森達也『「自分の子どもが殺されても同じことを言えるのか」と叫ぶ人に訊きたい』



2007年10月から
ダイヤモンド社のPR誌『経』に森氏が書いている連載
『リアル共同幻想論』をベースに手を入れたもの。


 不安と恐怖を抱え込んだ社会は、集団化や結束を自同律のように求め始める。これは群れて生きることを選択した人類の本能だ。そして九・一一後のアメリカが示すように、集団はその内圧を高めれば高めるほど、外部の敵を探したくなる。内部の異物を見つけたくなる。
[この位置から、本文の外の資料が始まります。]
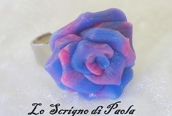 Ciaoo!! Oggi ho pubblicato un anello a forma di rosa, come potete notare e’ un colore un po’ particolare. Ho voluto provare a miscelare un rosa leggermente acceso, con un misto di un blu e una punta di grigio, il risultato secondo me e’ carino..nella foto il colore viene alterato. L’ anello e’ regolabile e la rosa e’ di 2 cm di diametro, quindi essendo piccola rimane delicata.
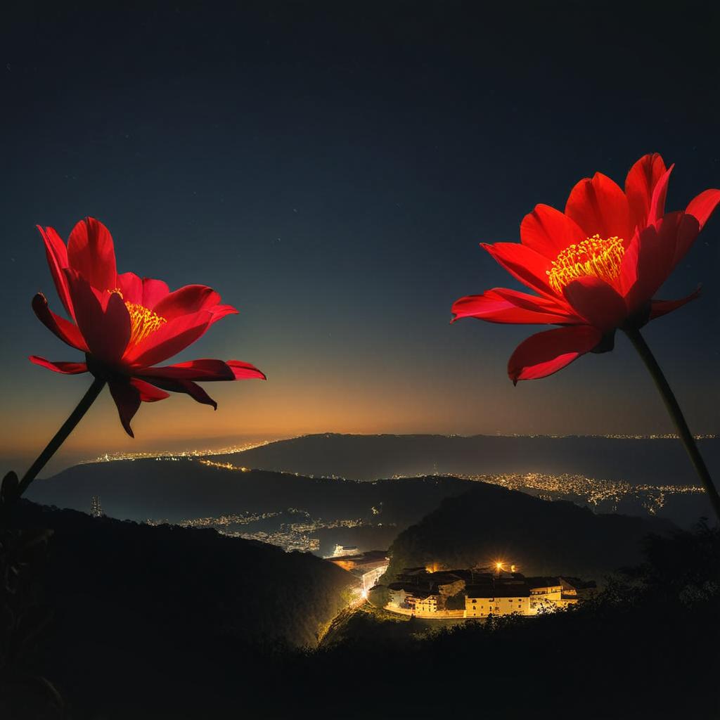 Moonlit Serenade: A Radiant Red Flower Blooms Amidst the City
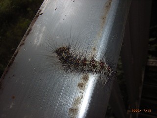 | 2006・7・15 北杜市清里・山荘で撮影。幼虫 「シラガタロウ」の別名通り、毛は白い。 |
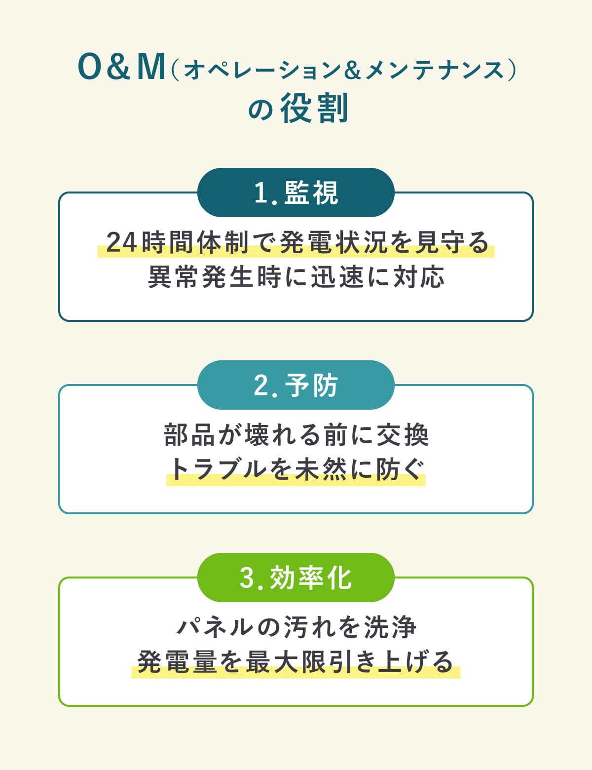 1つ目は監視。24時間体制で発電状態を見守り、止まっていたらすぐに駆けつける。2つ目は予防。部品が壊れる前に交換して、トラブルを未然に防ぐ。そして3つ目は効率化。パネルの汚れを洗浄したり、設備自体を交換したりして発電量を最大まで引き上げるんです。
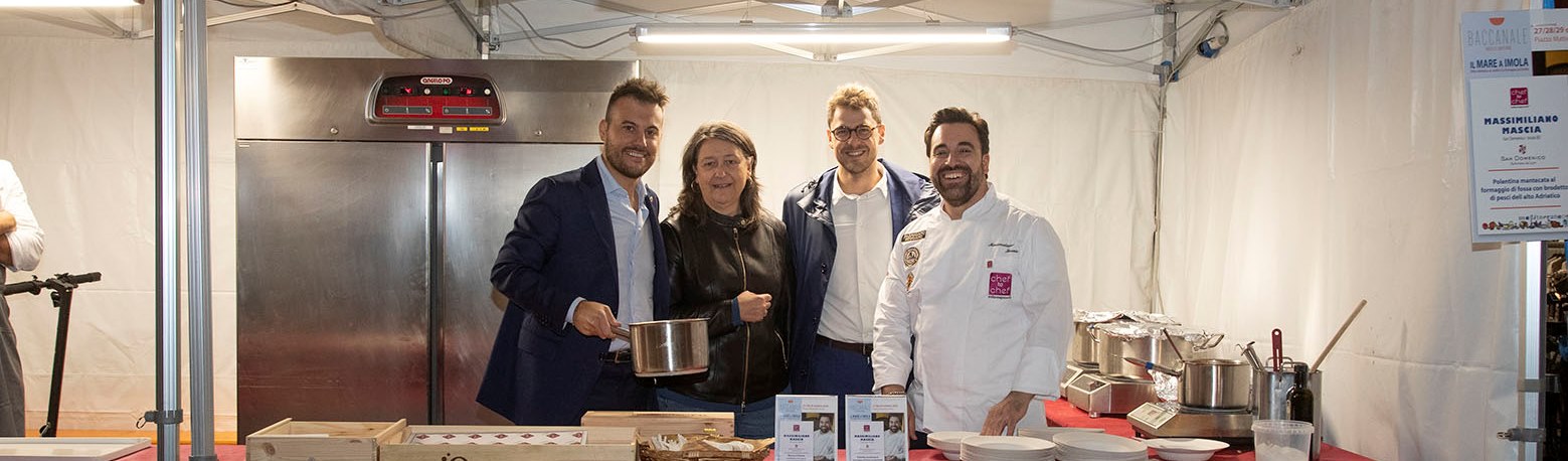 Il mare a Imola – Cominciata venerdì, continua fino a domenica 29 ottobre compresa, in piazza Matteotti, “Il mare a Imola”, l’iniziativa organizzata all’interno del Baccanale dall’Associazione culturale CheftoChef emiliaromagnacuochi. All’Isola del Gusto, allestita nel centro della piazza, alle ore 10 Alfredo Antonaros condurrà in un viaggio mediterraneo con pescatori, cuochi e narratori, attraverso la “Chiacchierata gastronomica: pesci e liliacee, atavici abbinamenti”, con Dario Picchiotti, chef ristorante Antica Trattoria di Sacerno. Alle ore 11 di scena il laboratorio “Conoscere il pesce “fin da piccoli”, il buono fa bene”, a cura dell’Associazione Arte.Na, con Marco Brancaleoni, medico nutraceutico. A seguire, alle ore 12 l’incontro “Facile da usare, buono da mangiare - “Pari dignità” tra i pesci dell’Alto Adriatico”, con Roberto Casali, Ecopesce, Cesenatico.
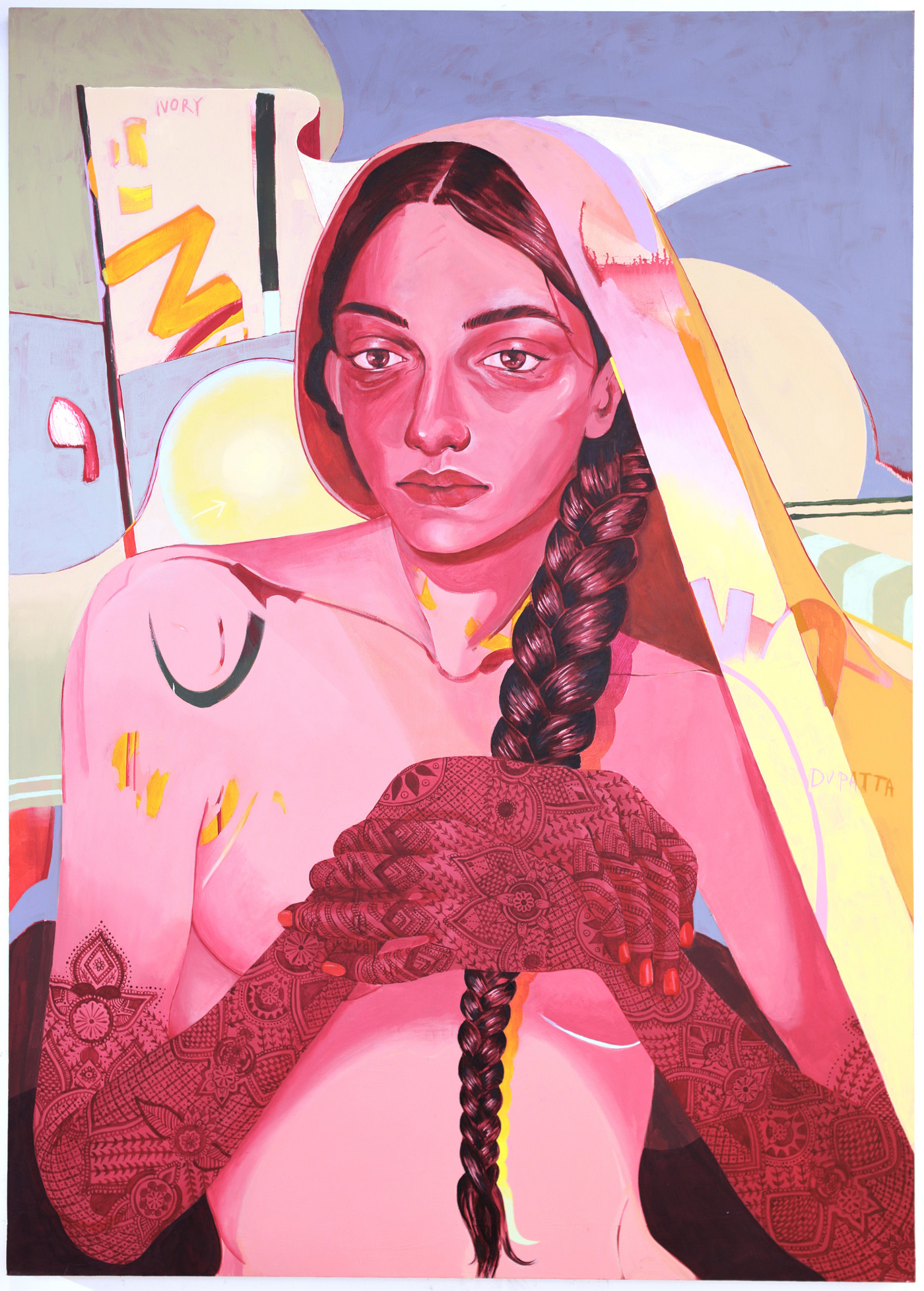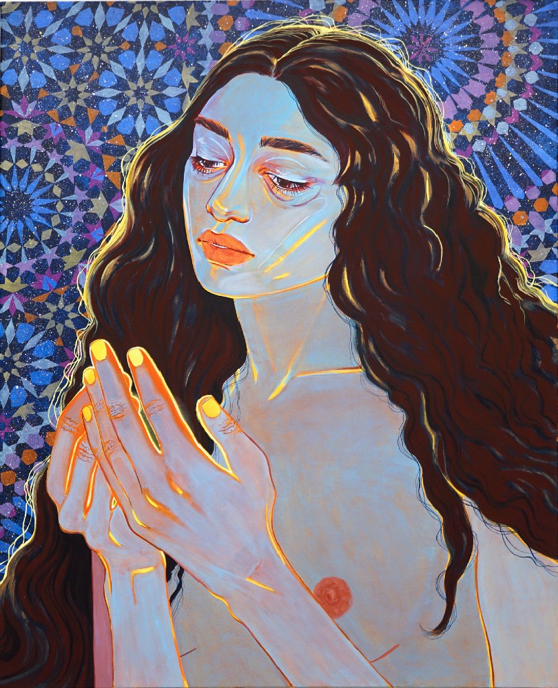 Hendes malerier er æstetiske på overfladen og ved nærmere bekendtskab spækkede med oprør, symbolisme og kultur- og religionskritik.

攻撃して排除したくなる。さらに集団内部の同調圧力が強くなることで、全体と違う動きがしづらくなる。誰かが走れば自分も走りたくなる。
 こうして集団は、足並みをそろえて暴走する。人類の歴史は、そんな過ちの繰り返しだ。
(p. 249)


 ビッグ・ブラザーはメタファーだ。多くの人の幻想によって存在を裏付けられ、補強され、正当性を与えられる。実在しない権威に支配される国民は「見守られて安心できる」とつぶやきながら相互監視体制を強化し、自らの自由や権利を自ら抑圧して制限している。
(p. 289)


それから、第5章の、2010年11月20日
「元皇軍兵士の証言 日本軍は中国で何をしたのか」でレポートされている
『撫順の奇蹟を受け継ぐ会』のシンポにおける
絵鳩毅さんの証言が、

まるで映像で見たみたいにくっきりと
頭に刻印されてしまった。

それは、こちらで絵鳩さんが書かれている長文の手記にある、
「人間地雷探知機」と「実的刺突」などのこと ↓
http://www.ne.jp/asahi/tyuukiren/web-site/backnumber/01/ebato_taiken_hansei.htm


 トークが終わってからの質疑応答の際、「もしもまた同じような状況になったら絵鳩さんはどうしますか」との質問に対して、ゆっくりとマイクを手にした絵鳩は、「私はまた、同じようにするでしょう」と言った。